Mediate, journal, go out for a walk, do this, do that. I fucking knew it all!
The need to fix people is something I understand as the eldest daughter, but I just needed to be HEARD. No one was listening to me, they wanted to fix me by telling me how awesome I was or how great my life was and ‘look at what you’ve achieved’. Problem is, I know all that, but knowing it doesn’t cure depression.
What people who care about you do is take offense when you are honest about how you’re feeling. Do you know how exhausting it is to be careful of your words so as not to hurt the other person, when all want is to be heard? But I couldn’t always be honest, because past relationships, friendships, family members have told me I’m ‘too much’ or treat me like I’m some fragile thing that needs to be molly coddled. Or they do the thing that has hurt the most and just leave me.

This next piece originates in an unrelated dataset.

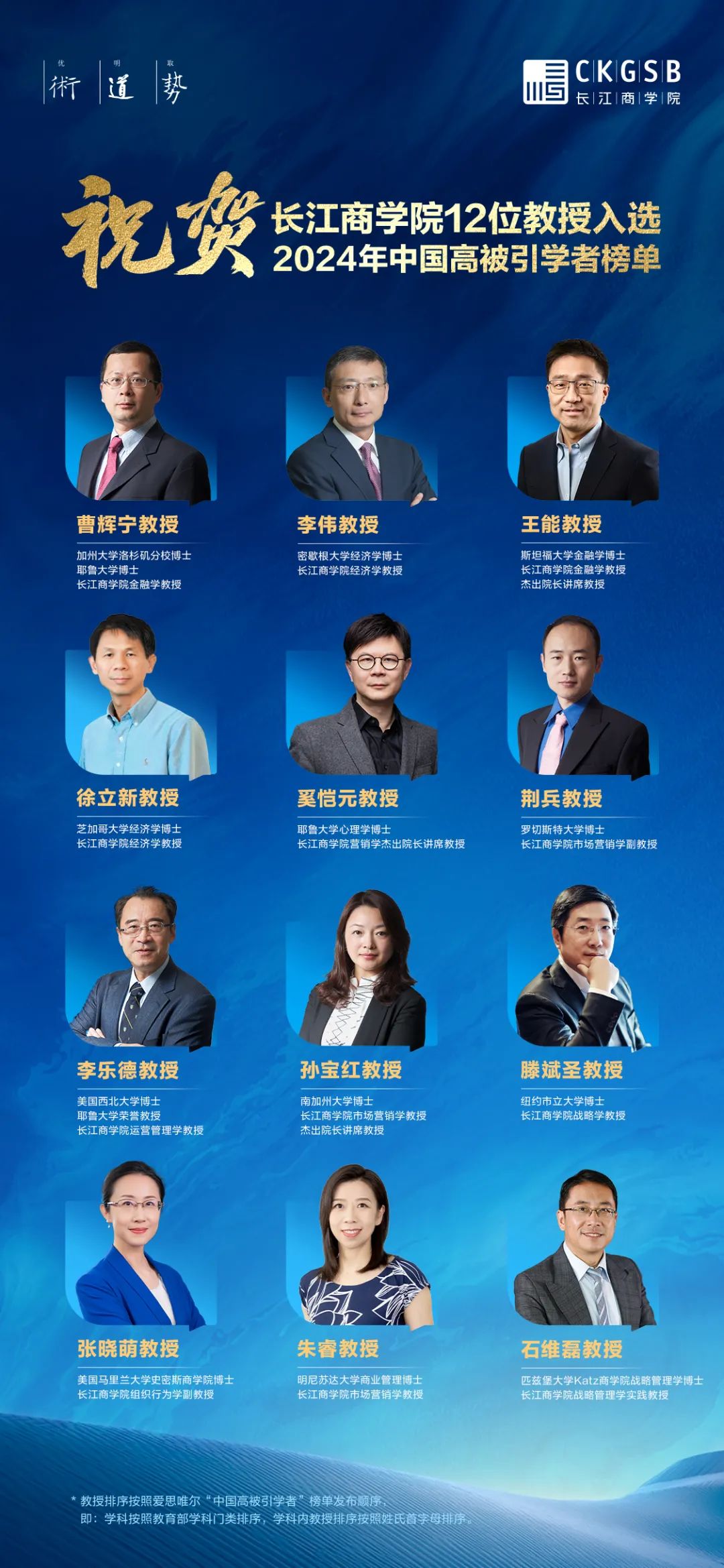 长江商学院12位教授入选2024“中国高被引学者”榜单
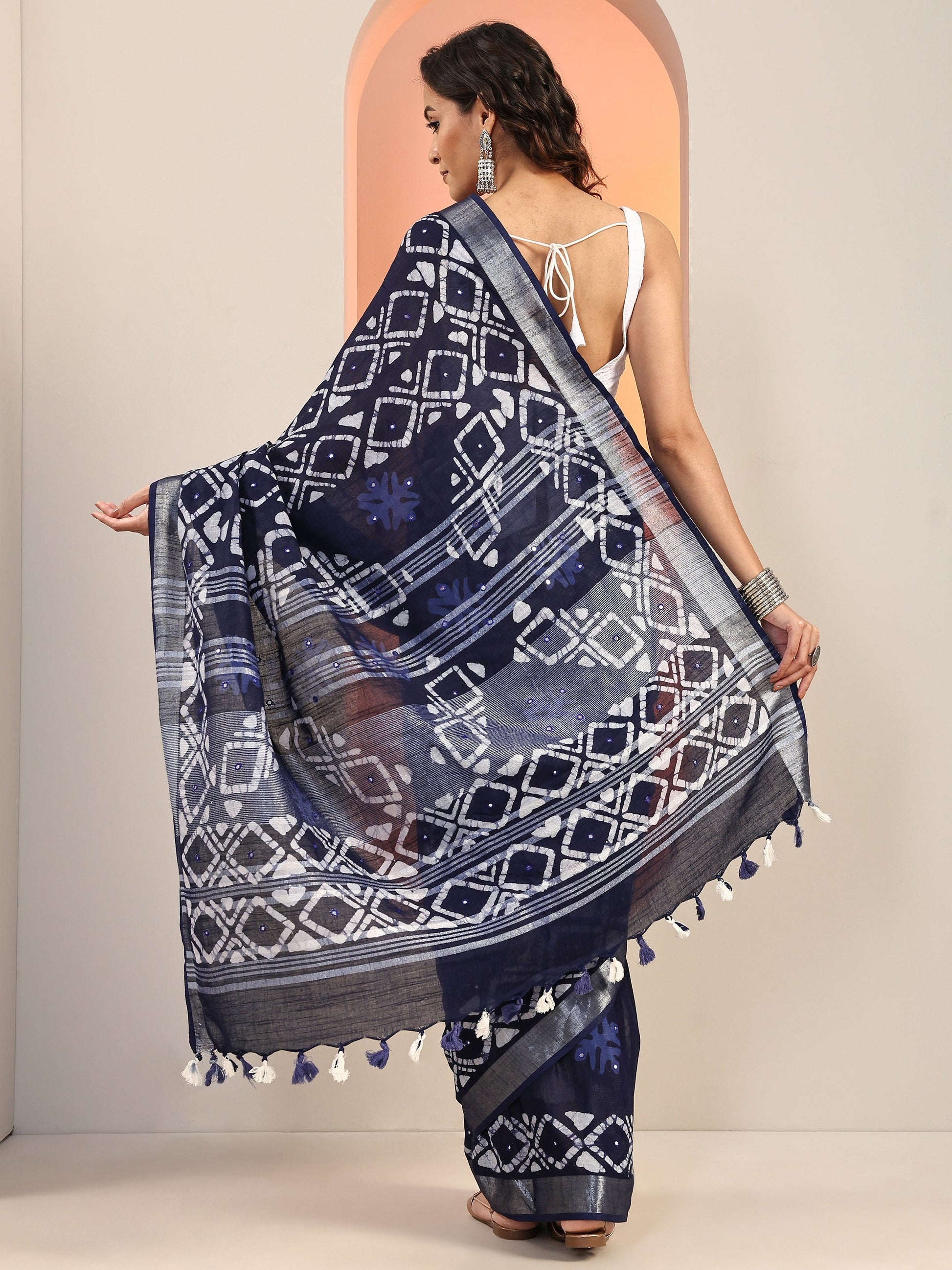 Our Navy Blue Printed Cotton Saree Features Captivating Abstract Printed Design. Complemented With An Unstitched Blouse Piece. This Charming Saree Is Perfect For Festive Wear

What could I do? I asked myself. I wanted to express myself but feared the repercussions, I also feared the fake sympathy and calls, so I disconnected. As a writer, I have used my words to express my feelings, thoughts and everything in between to release and let go for nearly a decade, but fear overtook me because I didn’t need to be fixed and words have power on paper, so I couldn’t share.
All I could do was focus on my writing work for my clients from a professional point of view, show up to work and make my way through and it for myself, just take each day as it came and remove some of the resentment, I was feeling for people who were succeeding.
Depression is a complicated beast, particularly for me. It isn’t about being unloved, because I know I well and truly am loved. Yes, my circle is tiny but I prefer it that way. I know I had support from my nearest and dearest when I came out of hospital, but my mind focused on my ex who promised he would be there for me and wasn’t. I also know I’m a good writer, otherwise why would I have clients waiting as soon as I finish a project?
The problem isn’t knowing, the problem is feeling, particularly when it comes to my career and trying to make it as a writer. To belong, to be seen, to be respected.
So yes, comparison is the thief of joy but how do you stop comparing your life now to how you want it to be?
Turns out the answer is to live day by day and only focus on the people and things you can control. When my mind goes haywire, I actively shut it down and refocus, start reading again, put my phone down and shut off, unfollow, unsubscribe and set boundaries, including at work that you need breaks, time away.
Am I better than I was last month yes, am I who I was at the start of this year, no. But what I don’t do is compare because it’s a very fluid journey and the focus is not on envisioning a better version of myself, but to just accept the version I’m currently at and work on what I can control in keeping me happy.
What has been a huge turning point was the past weekend, unfiltered, ugly laughter. No judgement, just myself, my weird intrusive thoughts and surrounded by those just as mad as me.